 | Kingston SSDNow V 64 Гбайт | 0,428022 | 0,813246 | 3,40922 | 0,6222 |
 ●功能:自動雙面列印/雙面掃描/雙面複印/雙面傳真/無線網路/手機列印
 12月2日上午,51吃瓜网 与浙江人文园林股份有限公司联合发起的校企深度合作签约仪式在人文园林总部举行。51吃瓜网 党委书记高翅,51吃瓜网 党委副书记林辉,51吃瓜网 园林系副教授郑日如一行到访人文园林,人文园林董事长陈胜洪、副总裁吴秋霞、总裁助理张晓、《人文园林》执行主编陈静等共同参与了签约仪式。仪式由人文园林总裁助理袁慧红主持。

==============================

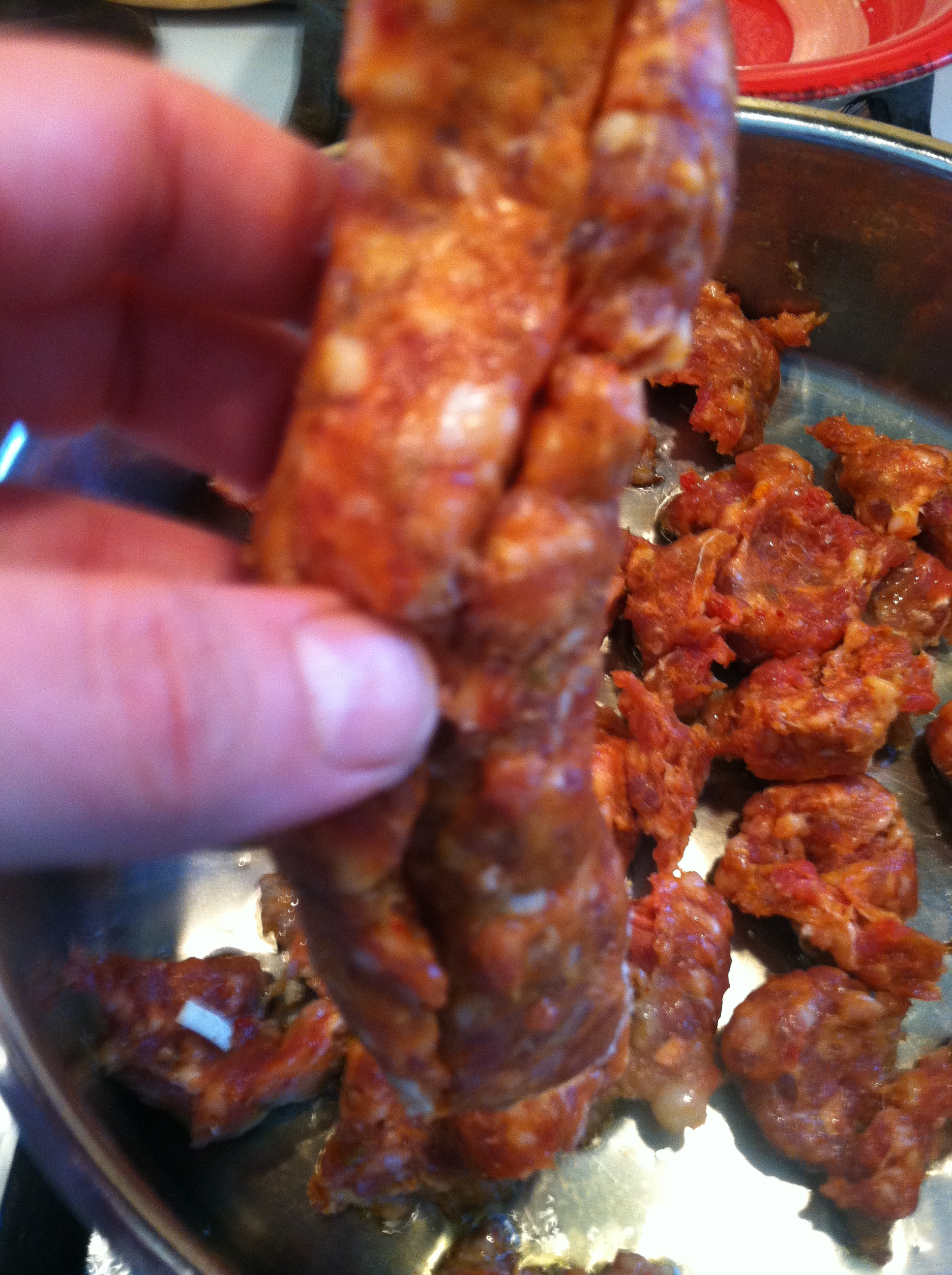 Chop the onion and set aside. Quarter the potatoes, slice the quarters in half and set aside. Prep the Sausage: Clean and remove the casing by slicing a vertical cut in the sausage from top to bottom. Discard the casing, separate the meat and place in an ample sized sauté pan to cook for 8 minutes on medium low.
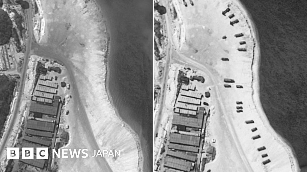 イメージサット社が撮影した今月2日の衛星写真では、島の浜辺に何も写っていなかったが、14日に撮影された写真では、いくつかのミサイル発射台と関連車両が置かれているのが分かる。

==============================

● **PROBLEM TO SOLVE**
From the records above, extract the lines from the one holding "Chop the onion" through the one holding "イメージサット社が撮影した今", word for word; omit the pictures.

● **EXERCISE SOLUTION**
 Chop the onion and set aside. Quarter the potatoes, slice the quarters in half and set aside. Prep the Sausage: Clean and remove the casing by slicing a vertical cut in the sausage from top to bottom. Discard the casing, separate the meat and place in an ample sized sauté pan to cook for 8 minutes on medium low.
 イメージサット社が撮影した今月2日の衛星写真では、島の浜辺に何も写っていなかったが、14日に撮影された写真では、いくつかのミサイル発射台と関連車両が置かれているのが分かる。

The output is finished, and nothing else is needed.